Rajeev Yadav, general secretary of Rihai Manch, a Uttar Pradesh-based human rights advocacy group suggested in the current political climate, hate crimes are a shortcut to a political career. “If you commit a hate crime, you will become famous and be able to enter politics,” said Yadav. “This is why videos of hate crimes are shot and distributed by the accused himself. It is a career-advancement tool.”
The impact of these self-shot assault videos is significant, reaching people across the country in a matter of days. In Delhi’s Sangam Vihar neighbourhood, Scroll.in found that Muslim vendors in the markets were aware of the incidents of assault in Mathura and Indore.
However, at the same time, none of them were afraid that such incidents would take place in the capital given that the Bharatiya Janata Party is not in power in the city. They indicated that the support of the civic administration was essential for this sort of hate crime to have an impact.
“It is the capital, it is a city and [Chief Minister Arvind] Kejriwal is in power here,” said Mohammad Nayab, a 65-year-old fruit vendor who has been working in Delhi for over 20 years. “He [Kejriwal] does not support Hindutva.”
In fact, Nayab claimed that such attacks only took place in villages and small towns.
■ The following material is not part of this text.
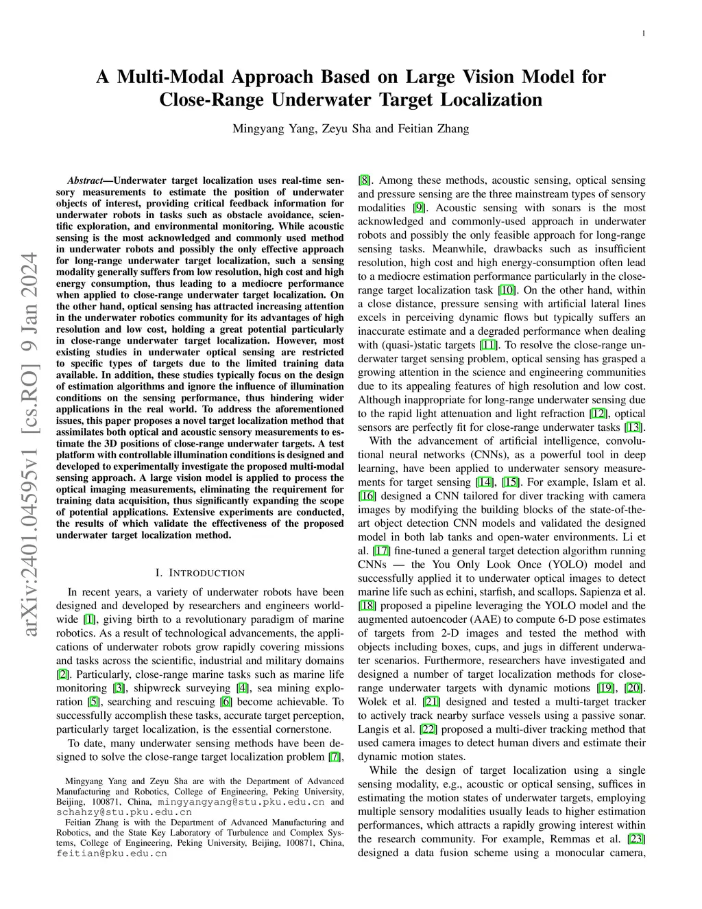 Underwater target localization uses real-time sensory measurements to estimate the position of underwater objects of interest, providing critical feedback information for underwater robots. While acoustic sensing is the most acknowledged method in underwater robots and possibly the only effective approach for long-range underwater target localization, such a sensing modality generally suffers from low resolution, high cost and high energy consumption, thus leading to a mediocre performance when applied to close-range underwater target localization. On the other hand, optical sensing has attracted increasing attention in the underwater robotics community for its advantages of high resolution and low cost, holding a great potential particularly in close-range underwater target localization. However, most existing studies in underwater optical sensing are restricted to specific types of targets due to the limited training data available. In addition, these studies typically focus on the design of estimation algorithms and ignore the influence of illumination conditions on the sensing performance, thus hindering wider applications in the real world. To address the aforementioned issues, this paper proposes a novel target localization method that assimilates both optical and acoustic sensory measurements to estimate the 3D positions of close-range underwater targets. A test platform with controllable illumination conditions is designed and developed to experimentally investigate the proposed multi-modal sensing approach. A large vision model is applied to process the optical imaging measurements, eliminating the requirement for training data acquisition, thus significantly expanding the scope of potential applications. Extensive experiments are conducted, the results of which validate the effectiveness of the proposed underwater target localization method.

Other vendors said marketplaces were occupied by traders belonging to various faiths and that they depended on one another for their businesses to work.
“We are all working together and the only reason no one buys is because people do not have the money to spend,” said Mohammad Sohail, a poultry seller, who dispelled any concerns of a religious segregation between vendors. “In Delhi, people are safer from such incidents.”